Today we remember the silent dreamer, Joseph, the foster father of Jesus. He does not speak a work in the passages that mention him, but his actions speak volumes.

Think about it:  Against every logic and perhaps every advice, he accepted the bizarre story of his pregnant girlfriend just because an angel in a dream told him to. The gospel mentions that rather casually, but it certainly couldn’t have been an easy decision.  

When Joseph first decided to divorce Mary quietly in order to avoid scandal for her, we catch a glimpse of the kindness of Joseph.  Then we’re told that he had a dream about an angel and based on that one dream, he changed his mind and made his life-altering decision to take back Mary plus her child.  And we accept all this as though it were the most natural thing to do in the world.  Honestly, how many of us make such major life decisions because of a dream, even if it stars an angel?

And a lot of courage and faith has gone into Joseph’s decision. The townspeople have murmured about Mary’s pregnancy. If he played father to the child, everyone in the village would certainly talk about him and even laugh at him behind his back for the rest of his life.

Let’s not forget the night of the Lord’s birth in Bethlehem.  Earlier that day, Mary and Joseph were frantic because they couldn’t find a place to stay.  The Bible simply says that “[they] laid Jesus in a manger because there was no room for them.”  It does not say anything about how exhausted Mary and Joseph must have been or about how Joseph must have felt:  Maybe he felt desperate and afraid.  Since he was responsible for both Mary and the baby, he must have felt doubly pressured.  Most of all, maybe he was bewildered, unable to understand what was going on. 

Experiencing all these hardships and uncertainties, Joseph might have begun to wonder somewhere at the back of his mind:  Whatever happened to what the angel had promised him in his dream?  If the baby was truly the child of the Most High, shouldn’t they have met at least fewer problems?  Why was God not taking better care of them and of his own son?

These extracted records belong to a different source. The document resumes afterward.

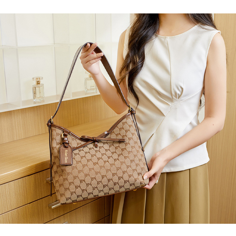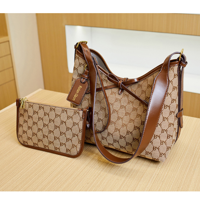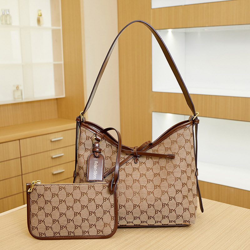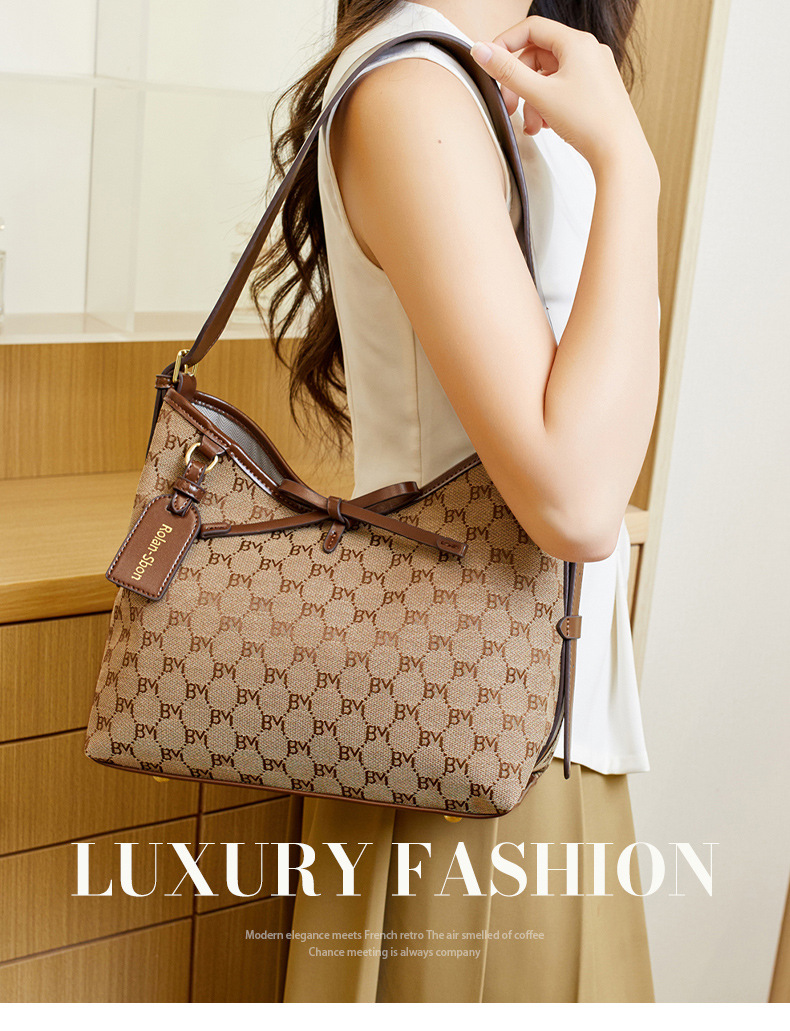 가방 여성의 2024 새로운 통근 빈티지 인쇄 된 토트 백 하이 엔드 센스 대용량 유행 어깨 크로스 바디 백
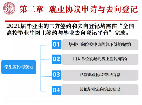 会议伊始,张芷凌老师简要介绍了本硕博毕业生的就业协议申请与去向登记的相关事宜,并依次就毕业生向院校申请的线下签约/解约、用人单位发起的线上签约/解约、已签就业协议登记信息、其他毕业去向登记信息四个方面进行了详细说明,帮助大家尽可能了解签约流程,解答手续办理的难点。
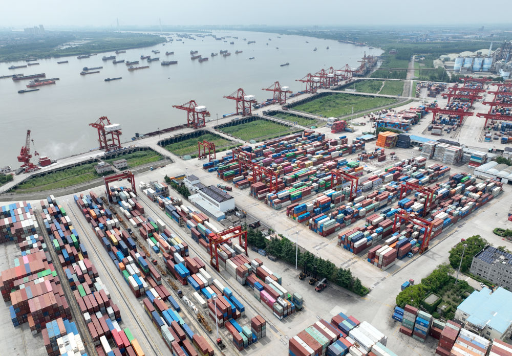 2024年6月1日拍攝的湖北武漢陽邏港(無人機(jī)照片)。2013年時,陽邏港僅有兩條集裝箱航線,船型小、班期少;如今,陽邏港已開通各類集裝箱航線20余條,實(shí)現(xiàn)“航運(yùn)向東入海、班列向西入歐”。

So where was God that day?  He didn’t seem to be with them at all.  So much for “Emmanuel!”  So much for “God with us!”  Maybe Joseph was even already beginning to wonder if his dream had been too good to be true.

Today we remember the silent dreamer, Joseph, the husband of Mary, and it’s only right that we give him more credit than we usually do. Without the benefit of certainty and certainly with a lot of courage, he allowed God to revise his dreams.

His life probably continued to be filled with such questions and doubts, too, but what matters is that despite those questions and doubts, he “kept the faith,” and made the choice to live up to his commitments.

We can learn much from this silent dreamer. He let God change his dreams, and in the process, he also allowed God to change the world.

Would you do the same?


It would have been most beneficial to Joseph if he just pursued the divorce to save his face. But for whatever reason, he allowed God to prevail upon him. I wonder if Joseph realized that his life-changing decision had an impact to all humanity . . . making it possible for Jesus to be born and allowed for the prophesy in the Old Testament to take place.

In church this morning, I wondered how St. Joseph remembered the message in his dream when he woke up, believed it, and decided to accept it and act on it accordingly. Wow.

St. Joseph’s commitment to God’s will preceded the phrase “Fiat voluntas tua” . But his life was a testimony to that.

This kind of commitment is hard to find nowadays. That’s why we have disturbing issues of abortion, live-in relationships, divorce, broken homes.

My husband is a great devotee of St. Joseph. Every time we have a challenge, he dismisses it with “Don’t worry, St. Joseph will take care of it” (to my great irritation). And true enough, St Joseph does. I have witnessed his operative power all these 48 years. St. Joseph, pray for us!